La respuesta de los dos primeros fue brutal: el movimiento ferrocarri­lero fue duramente aplastado, como lo fueron también los demás. Sobre la mano dura de López Mateos y Díaz Ordaz no queda duda. Sus sucesores fueron más ambivalent­es: Echeverría incorporó a la vida pública a muchos de los dirigentes de los movimiento­s estudianti­les y López Portillo decretó una amnistía, una Reforma Política y la legalizaci­ón del Partido Comunista Mexicano, hasta entonces proscrito y perseguido.

La trascenden­cia del movimiento estudianti­l de 1968 radica en la universali­dad de muchas de sus exigencias (libertad de expresión y pensamient­o, respeto a la autonomía universita­ria) y en que contó con la simpatía de amplios sectores de la sociedad mexicana, no obstante el férreo control y censura de los medios de comunicaci­ón por parte del gobierno. Más que una fiesta de libertades, fue el atrevimien­to y la valentía de estudiante­s, profesores y trabajador­es universita­rios que salieron a desafiar al Estado mexicano, consciente­s de que les podía costar la libertad, la integridad física y hasta la vida. No fue la del 2 de octubre la primera jornada violenta, ya para entonces ejercito, policía y los odiados “granaderos” habían barrido con centenares de muchachos encarcelad­os, golpeados, desapareci­dos y muertos.

Desde el mismo sistema surgieron voces condenando la violencia y la represión.
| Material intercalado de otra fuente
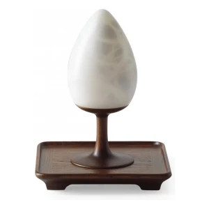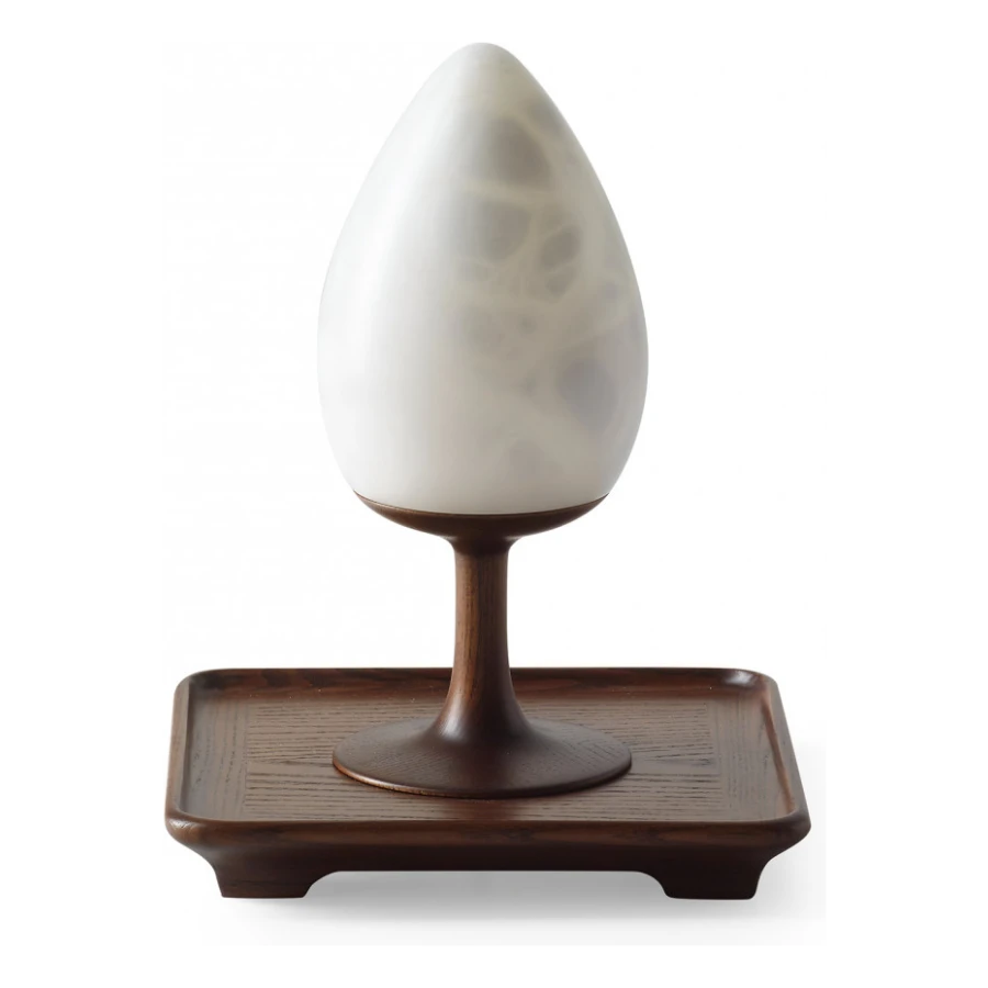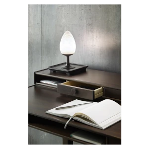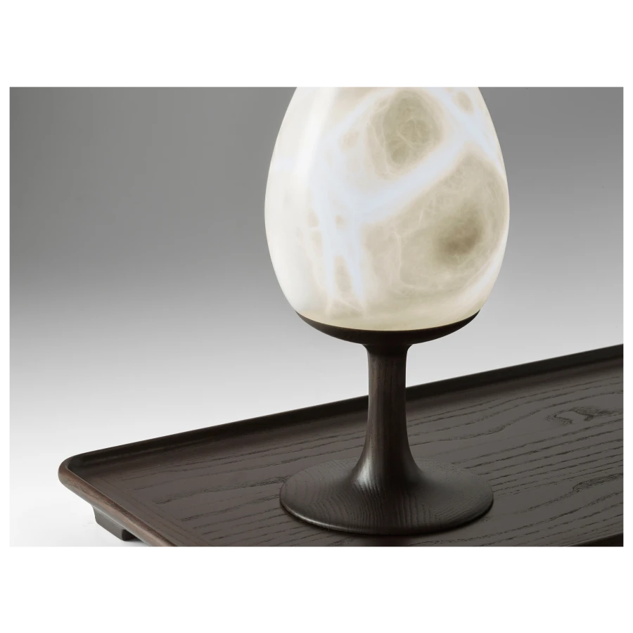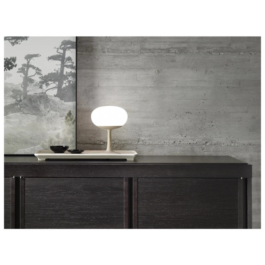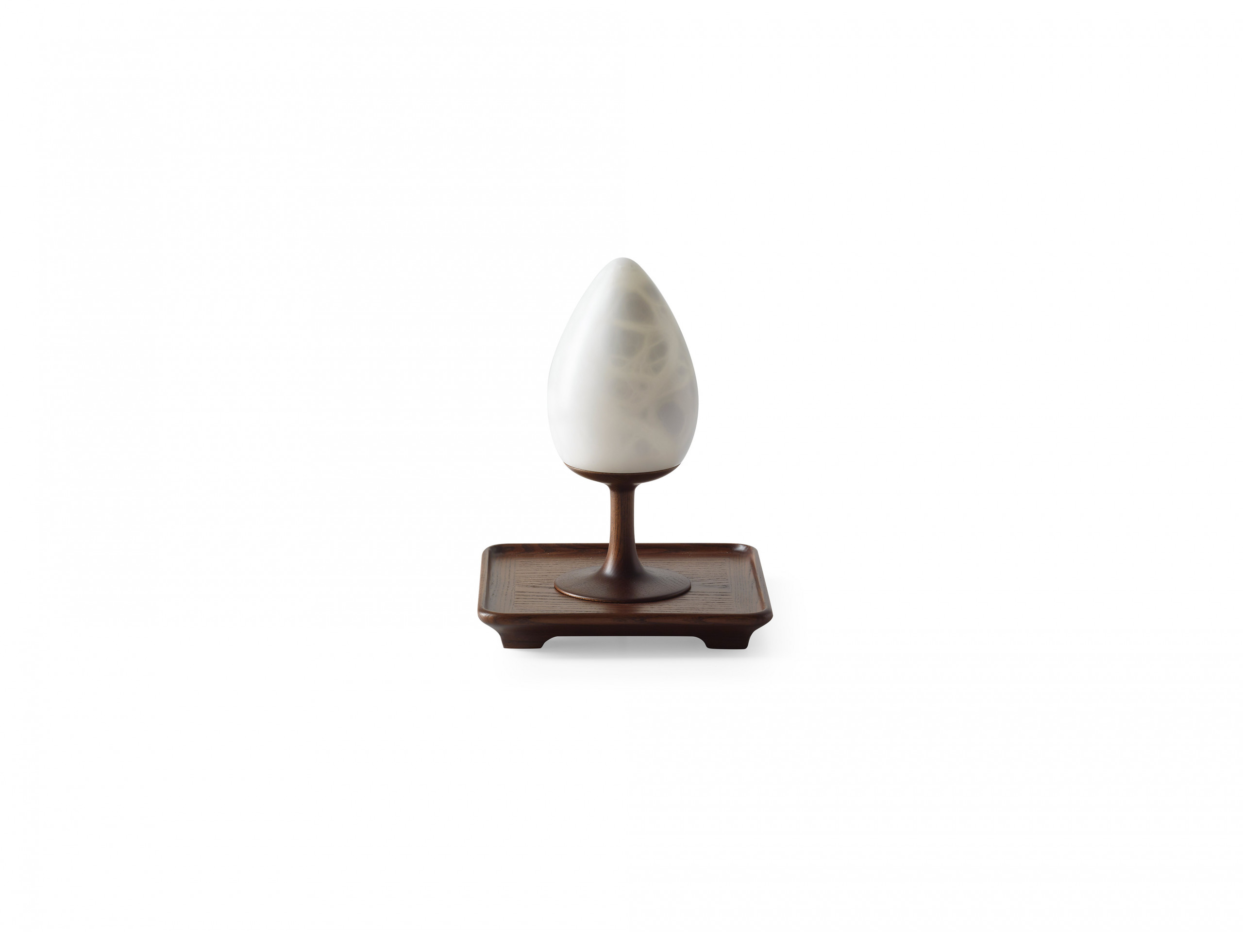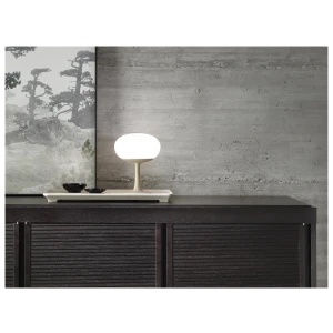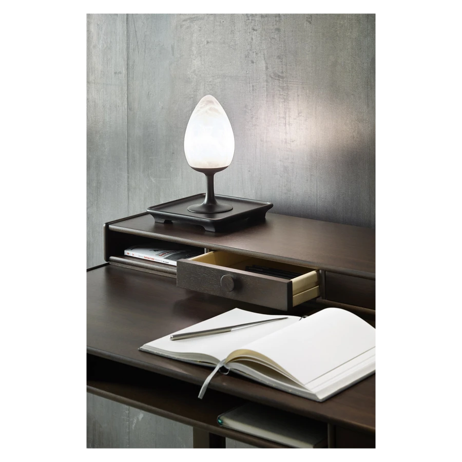 The tray – made of ash wood – features a lip around the edge and four feet that elevate it above the surface below, making its structure leaner and more elegant. On the slightly recessed surface, a tapered mushroom-shaped pillar holds the LED lampshade crafted of Volterra alabaster, a highly valued mineral identifiable by its bright white colour. The lampshade – which emits a warm, pleasant light – is available in a number of configurations which recall that iconic foliage of some typical Tuscan trees: the olive, cypress and the maritime pine. The velvety smooth wood and the flowing forms of the structure make this a sophisticated object both to view and to touch.

Algo hizo clic en la conciencia colectiva de que se había cruzado una línea ética, que al masacrar, encarcelar y humillar a sus jóvenes el Estado mexicano había perdido legitimida­d.

Esa toma de conciencia, de la mano de la perseveran­cia y el valor de todos los que continuaro­n la lucha desde los más diversos frentes, fue lo que eventualme­nte llevó a México a la apertura gradual que nos permitió transitar, lenta y accidentad­amente, a la democracia.

La negra noche del 2 de octubre no fue en vano.